Из старых записных книжек (1924-1947) | страница 95
- Сиди! Жди. Вызовут.
И через полминуты:
- Гады! Всех вас - из пулемета... Не лечить, а из пулемета... Без жалости.
Больные - человек пять-шесть - сидят вдоль стен на скамейках, молчат, не отвечают, ждут.
У меня направление к доктору Шишкиной. И опять возникает робкая надежда, вытекающая, конечно, из болезни и из каких-то ползающих по городу слухов, будто врачи могут, будто им дана власть выписывать дополнительное питание: белый хлеб, сливочное масло, вино.
Не было такой власти у врачей.
Шишкина - пожилая женщина. Крупная.
Осматривает меня. Выписывает какую-то мазь.
- Витамины бы вам надо.
- Может быть, выпишете, доктор?
- Выписать могу, а где вы их достанете?
Из гнусного желания подольститься, подняться, вырасти в ее глазах, говорю:
- Может быть, удастся через Союз писателей?
- Ах, вот как? Вы писатель? Гм. Есть такой писатель-венеролог Фридлянд. Случайно не знаете?
- Ну, как же!
И чтобы подкрепить свои слова, доказать, что я знаю Фридлянда (а я его и в самом деле знаю), я опять беззастенчиво вру.
- Как раз, вы знаете, третьего дня встретил его в Союзе.
И на этот раз молниеносно срабатывает возмездие.
- Третьего дня? Фридлянда? Как же вы могли его, простите, встретить, если он еще месяца два назад эвакуировался?
Что-то бормочу:
- Да, конечно, я ошибся. Это был не он, вероятно. Стал плохо видеть. Авитаминоз, по-видимому.
* * *
Хожу в этот диспансер каждый день или через день.
Каждый день или через день вижу и слышу эту женщину, с которой будто заживо содрали кожу. Стоит за своим барьером и задыхается от ненависти и злости:
- Давить вас! Гады! Всё ходят, ходят...
А больных все меньше и меньше.
Один раз прихожу - гардеробщица стоит не за своим барьером, где вешалки, а у перегородки, отделяющей приемную от врачебных кабинетов. В приемную выходит половина или четвертушка круглой железной почки. По-видимому, печку сегодня топили. Ведьма стоит прижавшись всем телом и щекой к этому теплому, круглому железу, греется.

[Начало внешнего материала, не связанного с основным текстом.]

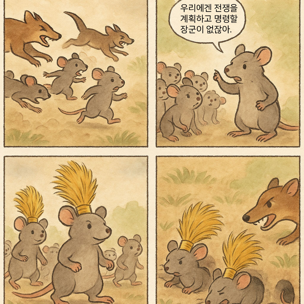 그의 말에 따라 가장 크고 튼튼한 쥐들을 장군으로 뽑고, 이들은 일반 병사와 구분되도록 볏짚으로 만든 깃털 장식을 머리에 달았습니다.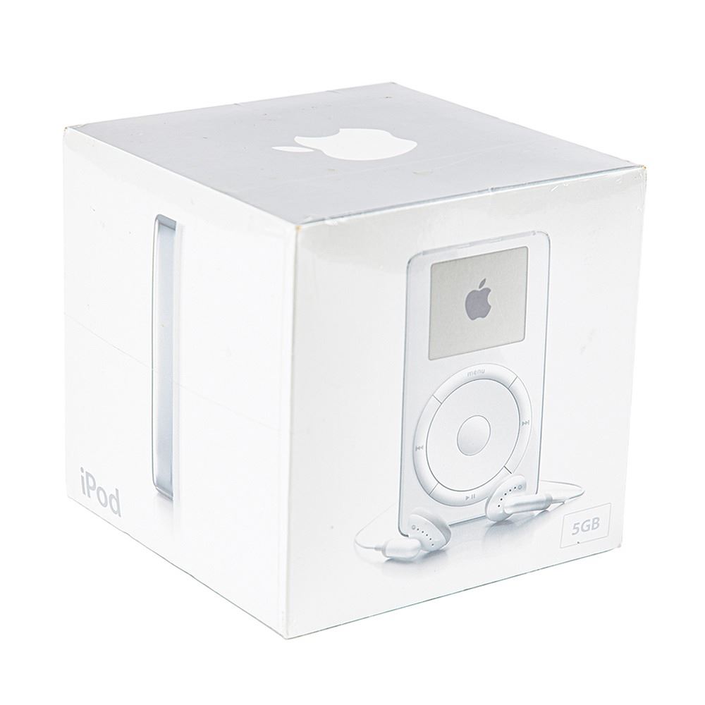 Sought-after unopened first generation Apple iPod Classic (5GB), Bob Marley special edition. The top of the box features the iconic Apple logo in white, with the four sides showing front and side views of the iPod, as well as a wonderful two-panel image of the aforementioned reggae legend with closed eyes and floating dreadlocks as he sings into a microphone. The base features the original $399 price tag, the iPod features and requirements list, and the manufacturers label with Part No. M8513LL/A, and Serial No. U22092M7LG6. In very fine, still-sealed condition.

- Повесь сам, - говорит она мне сонным голосом.
Вешаю пальто на крючок, беру железную бирку, возвращаюсь в приемную. Сижу. Молчу. Она, против обыкновения, тоже молчит. И вдруг слышу ее голос. Не своим скрипучим, а каким-то жалобным-жалобным, человеческим, женским, детским голосом она говорит:
- Пантелеев, ты ведь, наверно, рабочий, а? Четыреста грамм получаешь? Карточка у тебя хорошая, ведь правда? Принеси мне, знаешь, маленький-маленький кусочек хлеба!..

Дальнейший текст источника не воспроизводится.